- 4500 Enterprise Dr, Allen Park, MI 48101 United States

Information
- Type: Public
- Established: 1882
- School district: Melvindale-Northern Allen Park Schools
- Teaching staff: 45.00 (on FTE basis)
- Grades: 9 to 12
- Enrollment: 979 (2023-2024)
- Student to teacher ratio: 21.76
- Colors: Red & White
- Mascot: Cardinal
- Website: https://melvindale.melnapschools.com/

= Melvindale High School =

Public high school in Allen Park, Michigan

Melvindale High School is a public school located in Allen Park, Michigan, which is in the Downriver area. This school is offered to students that are in grades 9-12. It is within the Melvindale-Northern Allen Park School District and it also serves northern portions of Allen Park.

==History==
Melvindale High School was first built as a one-room school house in 1882. In 1923, the second room for this school house was added on. Since the population of the surrounding area grew, many bonds were granted to the district and Quandt School (MHS's former name) was finally established by 1927. Now, there are four schools within the district: Melvindale High School (9-12), Strong Middle School (6-8), Allendale Elementary (2-5), and Rogers Early Elementary (K-1).
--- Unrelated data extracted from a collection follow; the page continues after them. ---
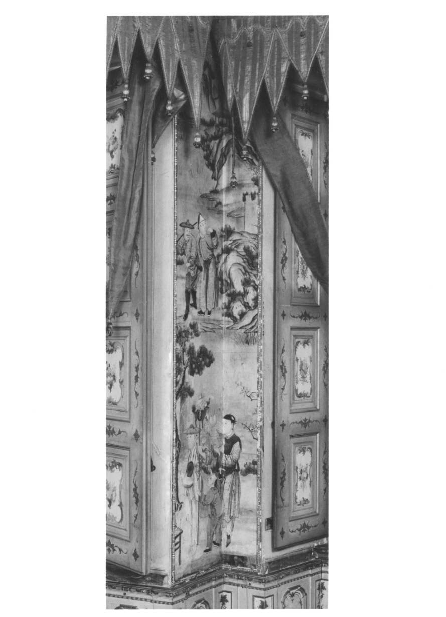 La tappezzeria di questa stanza pare composta di due distinte serie di carte cinesi, i cui pannelli sono stati montati in alternanza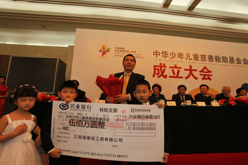 中華少年兒童慈善救助基金會(huì)(以下簡稱“兒慈會(huì)”)2010年1月12日在北京人民大會(huì)堂正式成立。中共中央政治局常委、國務(wù)院副總理李克強(qiáng)在為基金會(huì)成立發(fā)來的賀信中說:“慈善救助是一項(xiàng)崇高的事業(yè),是對社會(huì)保障的重要補(bǔ)充。謹(jǐn)對基金會(huì)的成立表示祝賀,對大家矢志從事少年兒童事業(yè)表示由衷的敬意。希望并相信你們會(huì)在各方支持下,發(fā)揮優(yōu)勢,搭建平臺,幫助更多有特殊困難的少年兒童和他們的同齡人,一起在同一片藍(lán)天下健康成長。”江西省建設(shè)工程有限公司董事長宗贛生到會(huì)并捐贈(zèng)人民幣500萬元設(shè)立"自立奮進(jìn)獎(jiǎng)",宗贛生表示,以后會(huì)根據(jù)企業(yè)發(fā)展?fàn)顩r捐款額逐年遞增,對貧困學(xué)生以及教師進(jìn)行資助和獎(jiǎng)勵(lì)。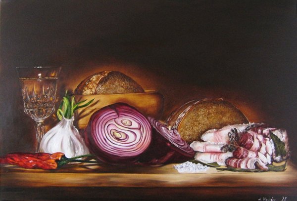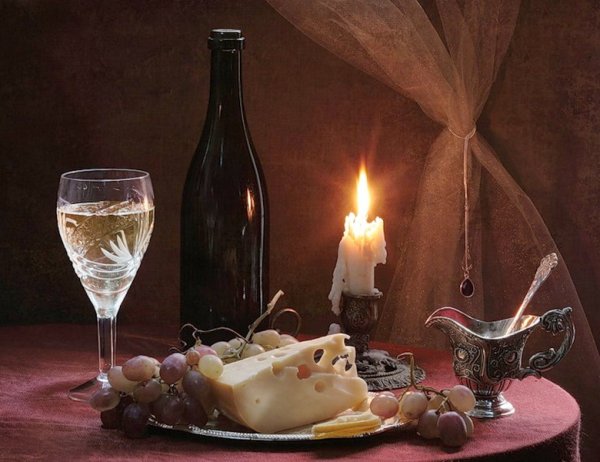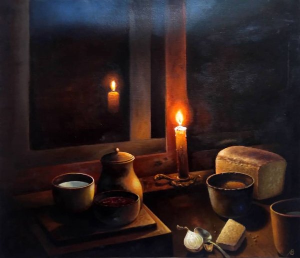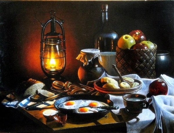Натюрморт "Ужин" - это произведение искусства, которое воссоздаёт обстановку уютного и изысканного ужина. Картина позволяет зрителю окунуться в атмосферу традиционного ужина с его прекрасно сервированным столом и разнообразными блюдами. Благодаря мастерскому использованию света и теней, каждый элемент композиции выглядит живым и реалистичным. Увлекательная игра цветов и текстур создает ощущение настоящего прикосновения к предметам и продуктам на столе. Натюрморт "Ужин" является выразительным отображением богатства и изобилия, а также приглашением насладиться яркими кулинарными впечатлениями.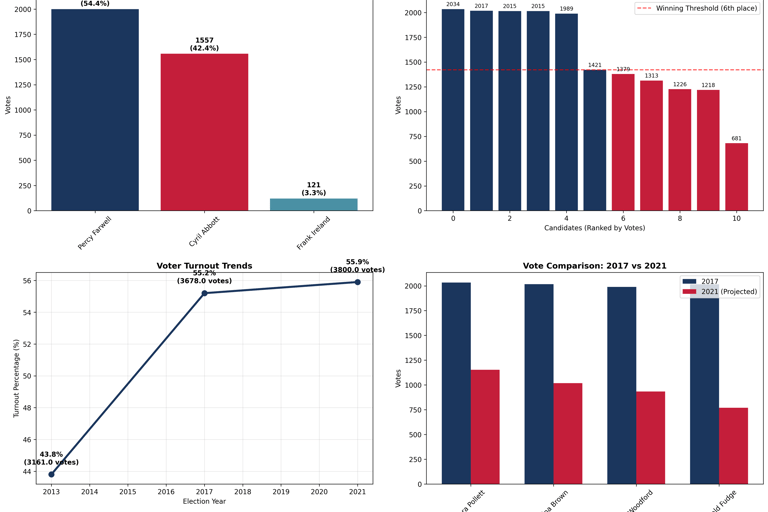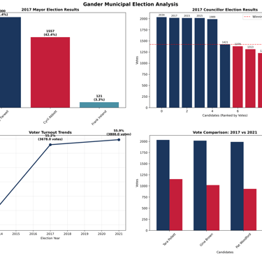 Analysis of 2017 and 2021 Gander municipal elections showing vote patterns and turnout trends.
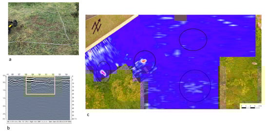 (a) shows the GPR acquisition on the top of one of the anomaly detected by the drone; (b) is a radargram showing clearly the presence of a dig backfilled with something inside (the yellow rectangle); (c) illustrates the depth slice (at 0.40 m) with the two clear anomalies related to the possible clandestine graves of the missing people (the black circles are the locations of the 4 anomalies detected by the drone, see Figure 1).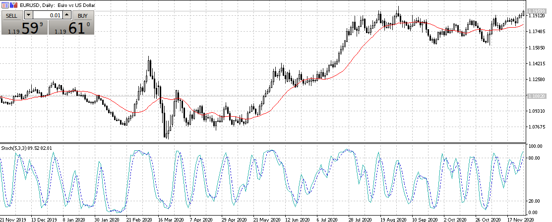 Метод предполагает использование MA в качестве основного, а Стохастика — подтверждающего инструмента.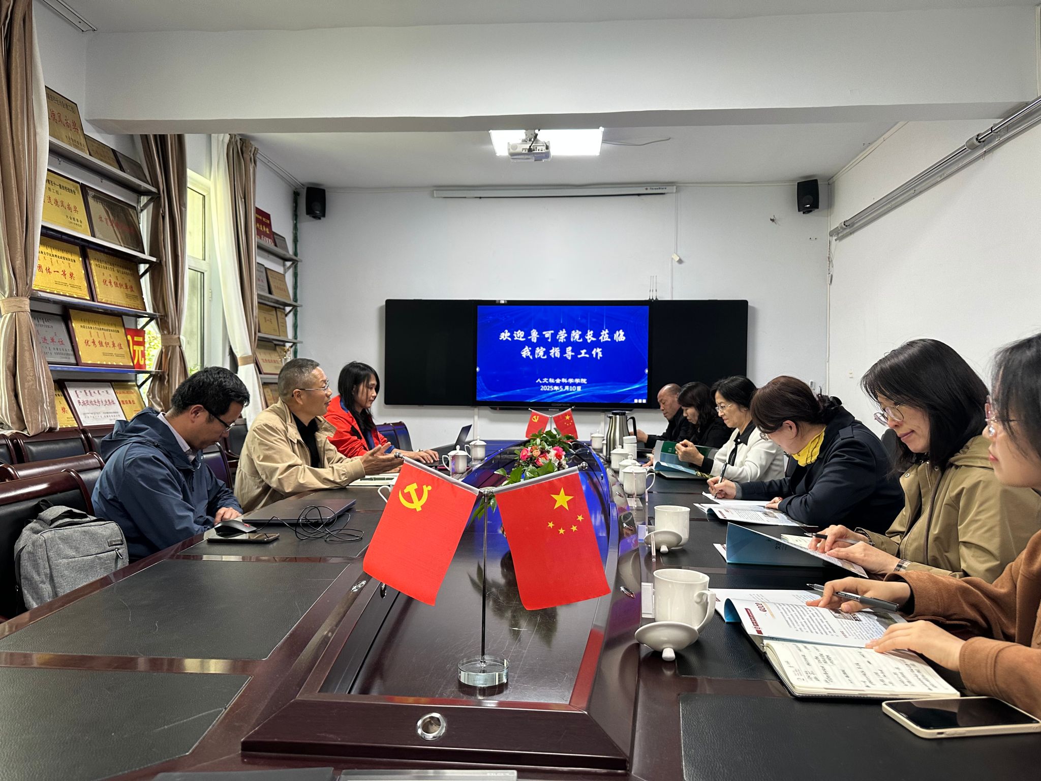 5月10日下午,鲁可荣与李琳琳到内蒙古农业大学人文社会科学学院调研。内蒙古农业大学发展规划处处长路冠军,人文社会科学学院院长张银花、副院长于翠英、副院长王利清,MPA教育中心主任张建新等以及研究生院有关教师参与调研交流。

In a period prior to 1950, Melvindale was one of the schools serving high school students from the Allen Park School District. That year, Allen Park High School opened.

At the beginning of the 2023-2024 school year, Melvindale High School moved into the old Baker College campus in Allen Park located at 4500 Enterprise Dr., Allen Park, MI 48101. In 2025, the school's new gymnasium dubbed the "Cardinal Dome" opened which will host all MHS athletic events.

==Athletics==
Melvindale High School is a member of the Downriver League. Sports offered here are: Basketball (Boys & Girls), Baseball (Boys), Wrestling (Boys), Volleyball (Girls), Track and field (Boys & Girls), Cheerleading (Girls), Softball (Girls), Bowling (Boys & Girls), Football (Boys), and Soccer (Boys & Girls). Their major sports rival is with Allen Park High School. The rivalry between these two schools is called "The Battle of Two Brothers". Allen Park is considered the "Big Brother" in this rivalry because it is a bigger school in a bigger city, Melvindale High School is the "Little Brother". Allen Park, Michigan neighbors Melvindale.

==Notable alumni==
- Al Cicotte, played Major League Baseball with the New York Yankees, Minnesota Twins, Detroit Tigers, Cleveland Indians, St. Louis Cardinals, and Houston Astros.
- William D. Ford, U.S. Representative from Michigan
- Mickey Goodwin (class of 1976), professional boxer.